Photo Credit: Factor

Photo Credit: Factor

Automated cargo ships will be shipping food and minerals without any human crew by 2035. The 656-foot ships will provide a safer and more environmentally-friendly method for transporting cargo.

“There aren’t many willing to believe it, but if the project partners succeed in overcoming the challenges we are currently working with, vessels such as this will in fact be safer than many of those on the high seas today,” said researcher Ørnulf Rødseth. “Human error, solely or in part, is the cause of more than 75 percent of today’s vessel accidents.”

According to Factor, an onshore control center would operate the ships, allocating 10 vessels to one person. Researchers say a lot of the technology for such a system already exists.

“The technology for electronic positioning, satellite communications and anti-collision measures already exists,” said Rødseth. “Many vessels are also equipped with advanced sensor systems. It is one thing to have the technology, but quite another to bring it all together and demonstrate that it works well enough to satisfy the authorities and the industry.”
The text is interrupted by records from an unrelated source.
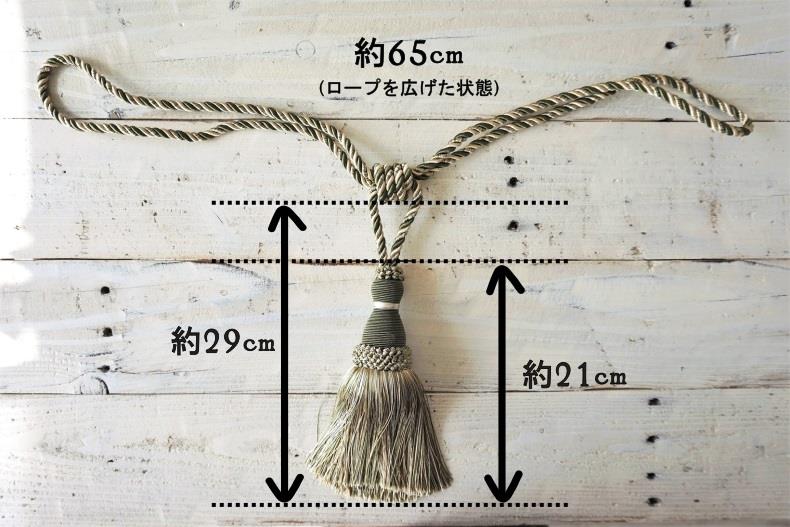 例えば下記タッセル【モーメント】はロープ部分(広げた状態で)約65センチ、房部分は約21センチあります。
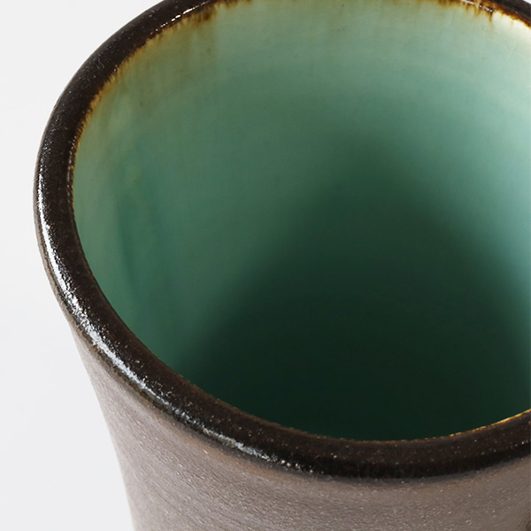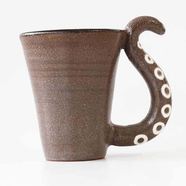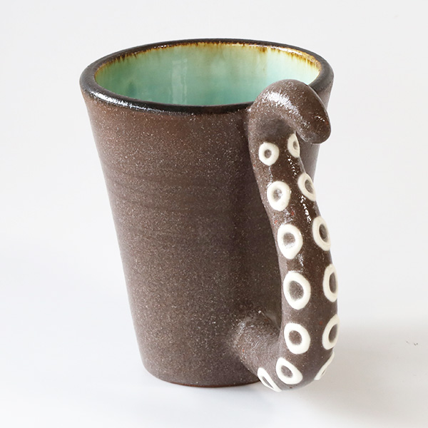 KAON Pottery タコマグカップ・メス 茶色&エメラルド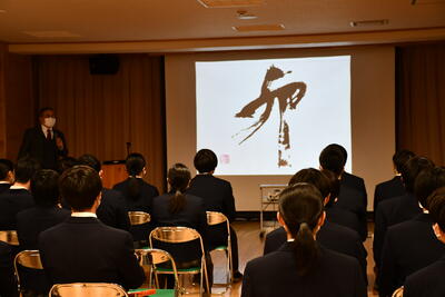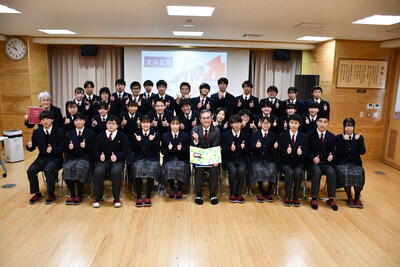 3年生に校長先生が授業をされました。卒業して新しい環境で頑張っていく3年生のために、生きる上で大切な考え方を熱く語られました。授業後、サプライズで全校生徒から3年間の感謝の気持ちを込めて寄せ書きをプレゼントしました。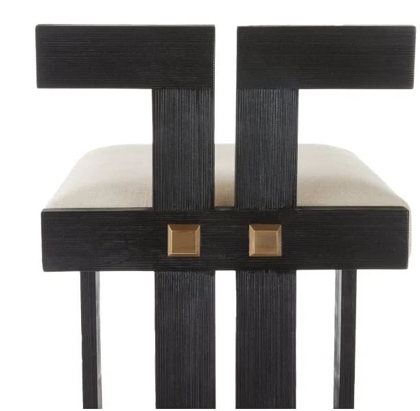 moreA MODERN MIX OF ’70S AMERICAN DESIGN WITH ZEN ARCHITECTURE, THIS ELEGANT STOOL HAS AN EASTERN APPEAL. CRAFTED OF RIBBED BEECH WOOD STAINED IN EBONY, THE SPLIT BACK IS ACCENTED WITH ANTIQUE BRASS STUDS AT VERY CENTER. A PADDED SEAT OF NATURAL LINEN ADDS STYLE AND COMFORT.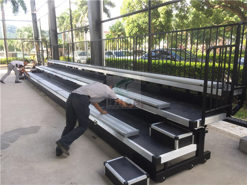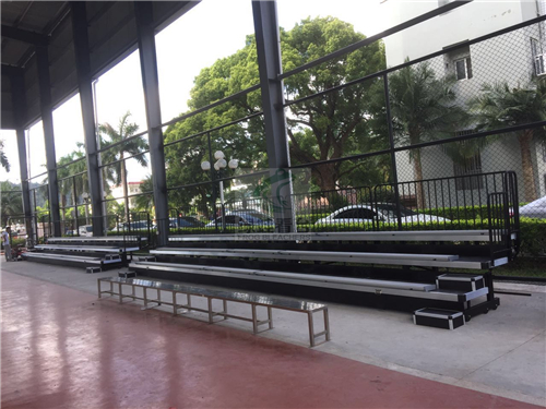 綠蛙簡易伸縮看臺入住深圳坪山社區(qū),與周圍建筑結(jié)構(gòu)、景色渾然合一,量身定做,簡潔,大方。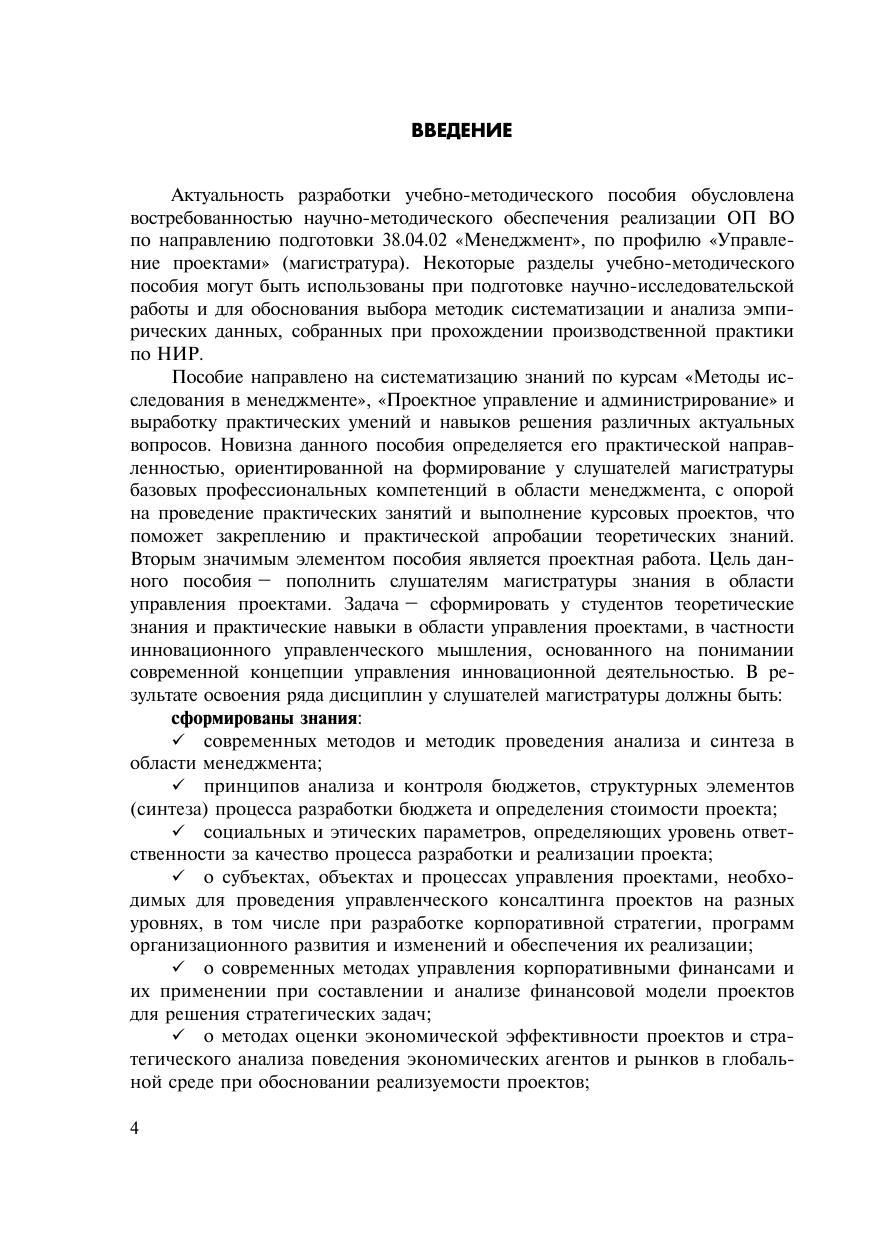 Учебно-методическое пособие предназначено для научно-методического обеспечения реализации ОП ВО по направлению подготовки 38.04.02 «Менеджмент», по профилю «Управление проектами» (магистратура). Некоторые разделы учебно-мето-дического пособия могут быть использованы при подготовке научно-исследовательской работы и для обоснования выбора ме-тодик систематизации и анализа эмпирических данных, собран-ных при прохождении производственной практики по НИР.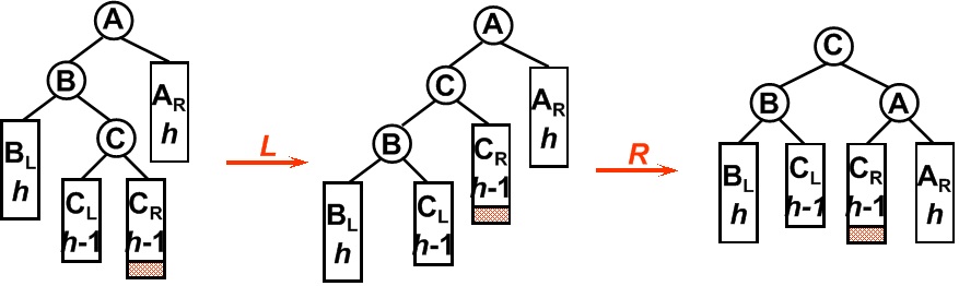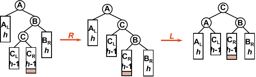 1.2.3) \(b=-1\):设\(z=y.right\),显然此时\(z\)非空。左旋转\(y\)然后右旋转\(x\)(上图第4张)。此时新树根为\(z\)且高度降低1;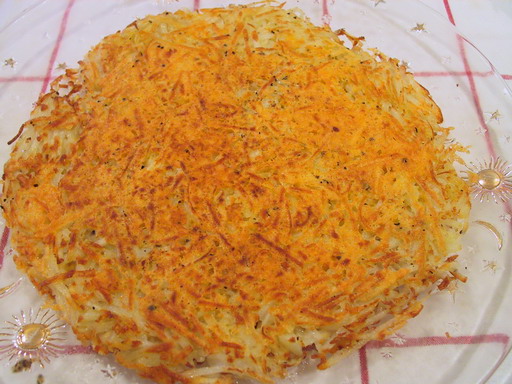 4 熱平底鍋,放兩大匙油,舖上馬鈴薯絲(大概大的一粒),灑上鹽胡椒,中火煎約7、8分鐘,底焦黃翻面,由邊邊再淋上兩大匙油,再煎到焦黃即可。 (在瑞士這道馬鈴薯餅是厚約兩三公分,兩邊脆中間軟,但我家的小孩喜歡吃薄的)

One potential issue would be proving that the unmanned vessels and the technology used is as safe as current vessels. Other issue is the use of fuel. Current ships use heavy oil fuels which require regular maintenance.

“Less expensive, liquid natural gas might be the answer here”, said Rødseth. “But this will involve designing the vessels from scratch.” Researchers are also considering having a team of maintenance bots onboard.

Automated cargo ships have clear benefits. They would cut costs from wages and possibly even fuel. This of course poses another issue -- will the industry accept technology that would leave so many workers unemployed?